Using the entries below, copy exactly each line from the line with "- Zestaw zawiera Lewy + Prawy bok szuflady" up to and including the line with "Die Frosch Senses", with every picture left out.

# Data records:
◇ ◇ ◇ ◇ ◇
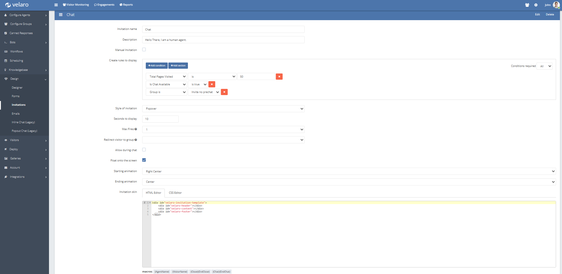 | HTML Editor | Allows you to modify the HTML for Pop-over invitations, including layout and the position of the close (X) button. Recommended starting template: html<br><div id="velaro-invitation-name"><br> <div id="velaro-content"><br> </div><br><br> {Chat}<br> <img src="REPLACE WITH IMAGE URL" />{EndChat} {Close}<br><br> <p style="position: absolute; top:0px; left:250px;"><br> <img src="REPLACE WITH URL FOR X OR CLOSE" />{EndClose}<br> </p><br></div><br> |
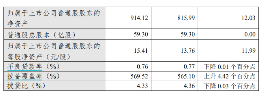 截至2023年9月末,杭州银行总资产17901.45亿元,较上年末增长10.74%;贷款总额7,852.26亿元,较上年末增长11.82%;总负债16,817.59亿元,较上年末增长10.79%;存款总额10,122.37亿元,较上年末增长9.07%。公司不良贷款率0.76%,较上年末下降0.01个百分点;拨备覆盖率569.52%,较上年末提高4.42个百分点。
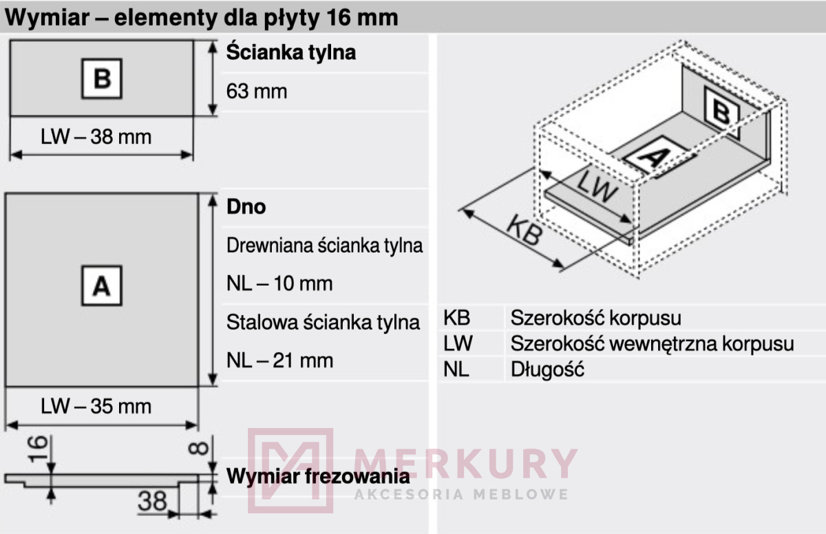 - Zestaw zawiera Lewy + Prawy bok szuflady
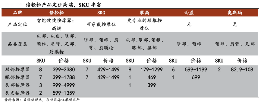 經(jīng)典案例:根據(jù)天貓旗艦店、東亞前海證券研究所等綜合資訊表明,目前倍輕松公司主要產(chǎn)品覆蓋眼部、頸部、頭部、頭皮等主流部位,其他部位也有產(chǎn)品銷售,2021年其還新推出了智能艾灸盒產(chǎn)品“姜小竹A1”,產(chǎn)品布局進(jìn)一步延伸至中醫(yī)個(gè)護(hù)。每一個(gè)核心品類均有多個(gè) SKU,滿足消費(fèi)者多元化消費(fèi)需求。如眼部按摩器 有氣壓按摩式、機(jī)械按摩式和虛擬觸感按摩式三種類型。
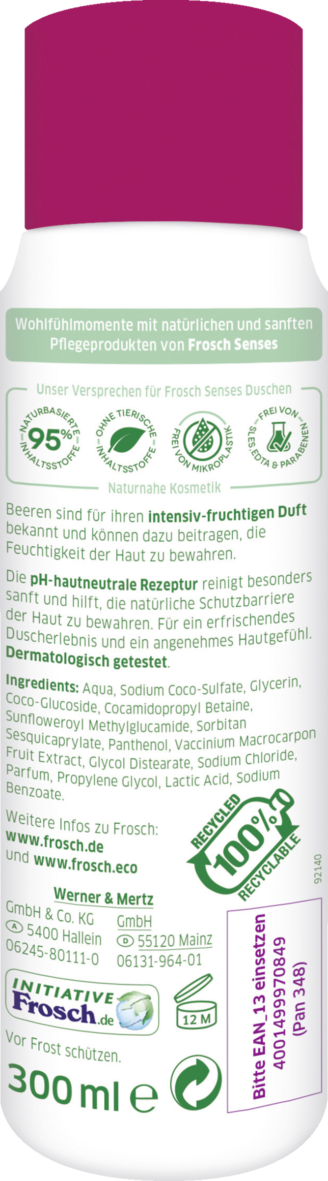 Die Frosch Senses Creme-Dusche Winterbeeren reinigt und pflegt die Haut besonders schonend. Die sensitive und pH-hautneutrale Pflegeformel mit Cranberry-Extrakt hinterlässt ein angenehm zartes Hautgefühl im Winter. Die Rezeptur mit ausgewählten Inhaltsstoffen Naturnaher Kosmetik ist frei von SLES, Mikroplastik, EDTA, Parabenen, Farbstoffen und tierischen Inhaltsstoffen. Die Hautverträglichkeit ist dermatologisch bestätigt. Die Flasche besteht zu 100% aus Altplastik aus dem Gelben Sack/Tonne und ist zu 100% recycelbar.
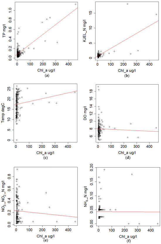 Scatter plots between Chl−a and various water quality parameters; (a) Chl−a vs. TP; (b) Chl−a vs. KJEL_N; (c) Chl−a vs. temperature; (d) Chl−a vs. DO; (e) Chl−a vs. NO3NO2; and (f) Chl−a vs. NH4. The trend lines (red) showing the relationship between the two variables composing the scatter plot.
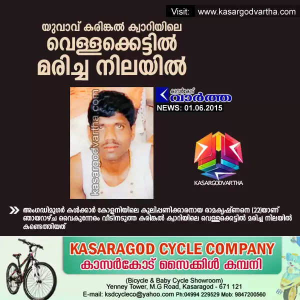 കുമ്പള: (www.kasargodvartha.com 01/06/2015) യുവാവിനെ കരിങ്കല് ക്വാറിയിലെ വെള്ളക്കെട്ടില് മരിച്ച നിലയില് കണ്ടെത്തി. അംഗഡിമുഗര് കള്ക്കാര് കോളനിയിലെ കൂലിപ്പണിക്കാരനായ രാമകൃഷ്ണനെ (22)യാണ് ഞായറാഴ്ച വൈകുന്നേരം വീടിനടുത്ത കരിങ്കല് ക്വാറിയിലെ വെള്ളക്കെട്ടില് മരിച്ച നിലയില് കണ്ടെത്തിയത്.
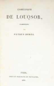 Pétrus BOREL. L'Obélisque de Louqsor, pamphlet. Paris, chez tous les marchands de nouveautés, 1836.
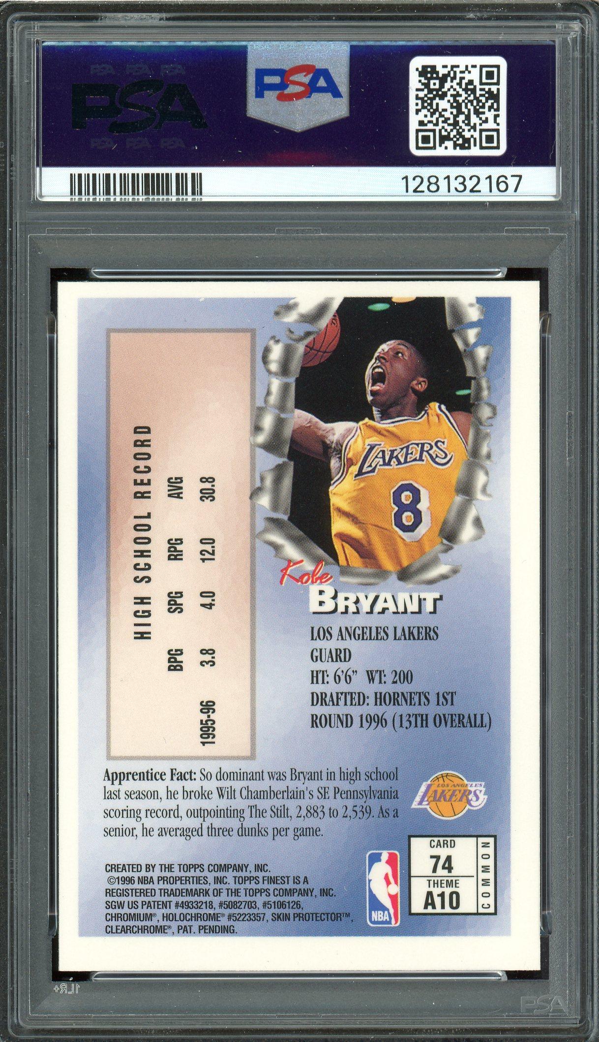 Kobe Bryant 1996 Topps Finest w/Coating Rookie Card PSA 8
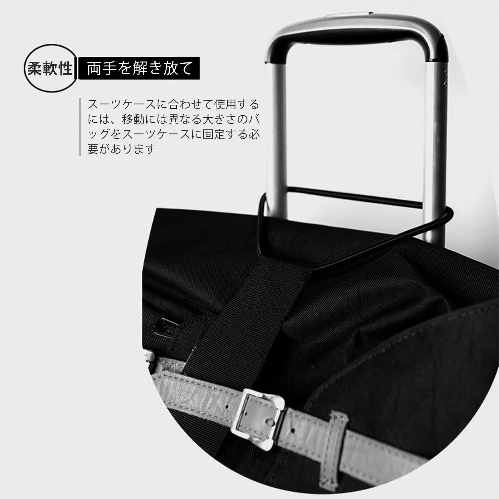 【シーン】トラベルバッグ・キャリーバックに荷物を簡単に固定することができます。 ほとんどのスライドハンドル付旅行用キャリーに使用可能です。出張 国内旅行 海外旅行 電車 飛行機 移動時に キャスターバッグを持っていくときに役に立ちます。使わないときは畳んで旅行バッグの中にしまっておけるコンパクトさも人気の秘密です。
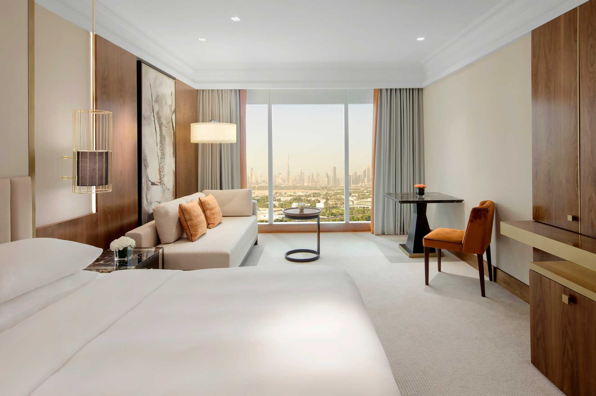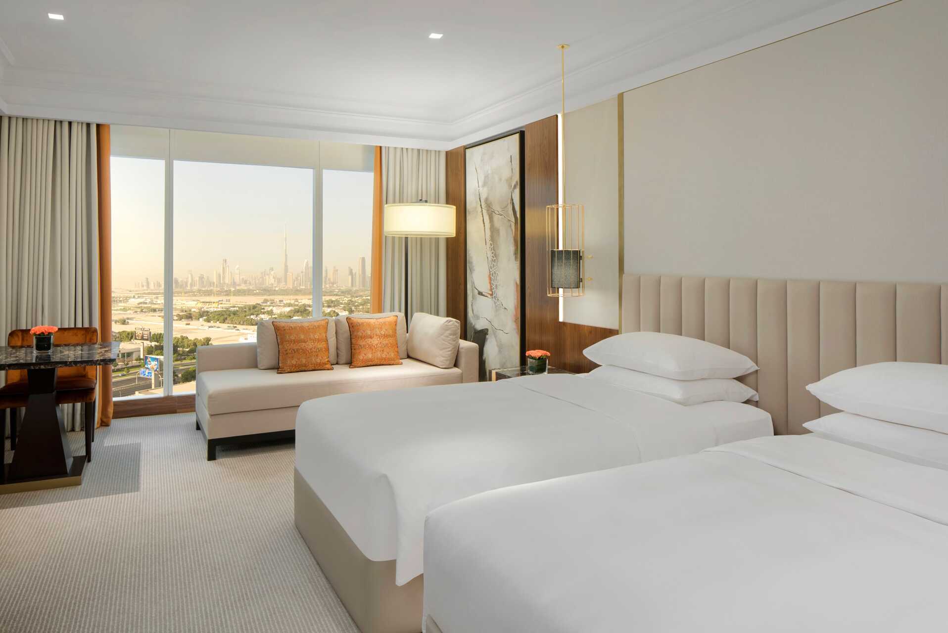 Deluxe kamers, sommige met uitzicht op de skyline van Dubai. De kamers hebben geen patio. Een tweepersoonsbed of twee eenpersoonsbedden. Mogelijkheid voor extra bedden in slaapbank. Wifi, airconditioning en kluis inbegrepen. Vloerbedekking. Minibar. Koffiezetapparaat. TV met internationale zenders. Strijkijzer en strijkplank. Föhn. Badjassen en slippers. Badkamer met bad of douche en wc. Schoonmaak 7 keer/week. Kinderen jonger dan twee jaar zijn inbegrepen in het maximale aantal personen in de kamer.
◇ ◇ ◇ ◇ ◇
# Response:
 - Zestaw zawiera Lewy + Prawy bok szuflady
 經(jīng)典案例:根據(jù)天貓旗艦店、東亞前海證券研究所等綜合資訊表明,目前倍輕松公司主要產(chǎn)品覆蓋眼部、頸部、頭部、頭皮等主流部位,其他部位也有產(chǎn)品銷售,2021年其還新推出了智能艾灸盒產(chǎn)品“姜小竹A1”,產(chǎn)品布局進(jìn)一步延伸至中醫(yī)個(gè)護(hù)。每一個(gè)核心品類均有多個(gè) SKU,滿足消費(fèi)者多元化消費(fèi)需求。如眼部按摩器 有氣壓按摩式、機(jī)械按摩式和虛擬觸感按摩式三種類型。
 Die Frosch Senses Creme-Dusche Winterbeeren reinigt und pflegt die Haut besonders schonend. Die sensitive und pH-hautneutrale Pflegeformel mit Cranberry-Extrakt hinterlässt ein angenehm zartes Hautgefühl im Winter. Die Rezeptur mit ausgewählten Inhaltsstoffen Naturnaher Kosmetik ist frei von SLES, Mikroplastik, EDTA, Parabenen, Farbstoffen und tierischen Inhaltsstoffen. Die Hautverträglichkeit ist dermatologisch bestätigt. Die Flasche besteht zu 100% aus Altplastik aus dem Gelben Sack/Tonne und ist zu 100% recycelbar.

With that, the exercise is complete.